Get a couple of female convicts, they're probably the single most under rated cichlid that people often overlook because they're commonly "entry level" fish since they're so easy to take care of. Their coloring is beatiful, they have a ton of personality and greet me every morning by swimming at the front of the glass staring at me hoping to be fed. Add 5 or 6 tiger barbs as dither fish really seem to make convicts more active and you've got a visually pleasing tank with alot of interesting stuff to look at.


----------



## 14_blast (Oct 6, 2003)

Why not shell dwellers?

http://www.piranha-fury.com/forum/pfury/in...showtopic=57940


----------



## zygapophysis (Jul 16, 2004)

c an i get both male and female convicts, i know they will breed, but i can use e for p food then, how coan i tell the difference in a male and female


----------



## elTwitcho (Jun 22, 2004)

Females have orange/pink on their bellies, males do not.

Sure you can get a breeding pair, it's most likely very interesting to watch as well. At that point however you have to worry about any other fish in the tank as they tend to beat the sh*t out of everything once they breed.


----------



## carisma02uk (Aug 1, 2004)

milawis are good nice variation


----------



## zygapophysis (Jul 16, 2004)

elTwitcho said:


> Females have orange/pink on their bellies, males do not.
> 
> Sure you can get a breeding pair, it's most likely very interesting to watch as well. At that point however you have to worry about any other fish in the tank as they tend to beat the sh*t out of everything once they breed.

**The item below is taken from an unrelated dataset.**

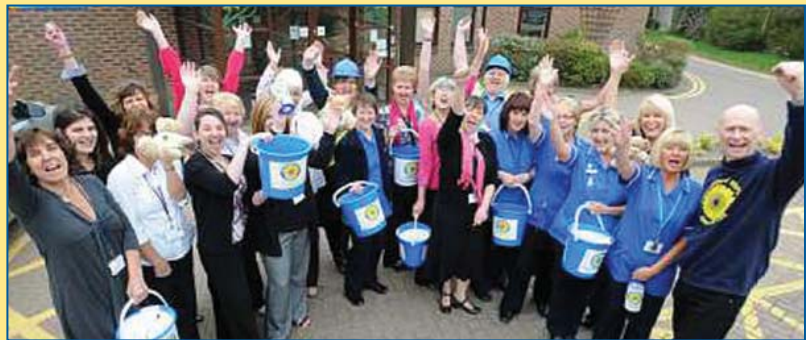
Celebrating the news of our £550,000 grant.

“Space is the biggest single issue, limiting the number of patients who can be seen and the activities that

 well id just have them alone, today at petsmart i saw black convicts, it didnt say if they were male or female, they werel ike dark grayish/black with stripes kind of, are these what you are talking about, iv noticed my petsmart has gotton a whole section of cichlids lately, they have some cool ones


----------



## elTwitcho (Jun 22, 2004)

Those are the same convicts, look for some with pink coloration on their stomach and you know they're female.

This is one of my females


----------



## zygapophysis (Jul 16, 2004)

ok thanks, so if i take some of the black ones and mix with the ones withthe pink bellys they will propaly mate, thanks for the help, ill keep lookin


----------



## shutter13 (Jun 23, 2004)

pair of cons would be awesome







.... then u can see what they do to a goldfish while breeding :laugh:


----------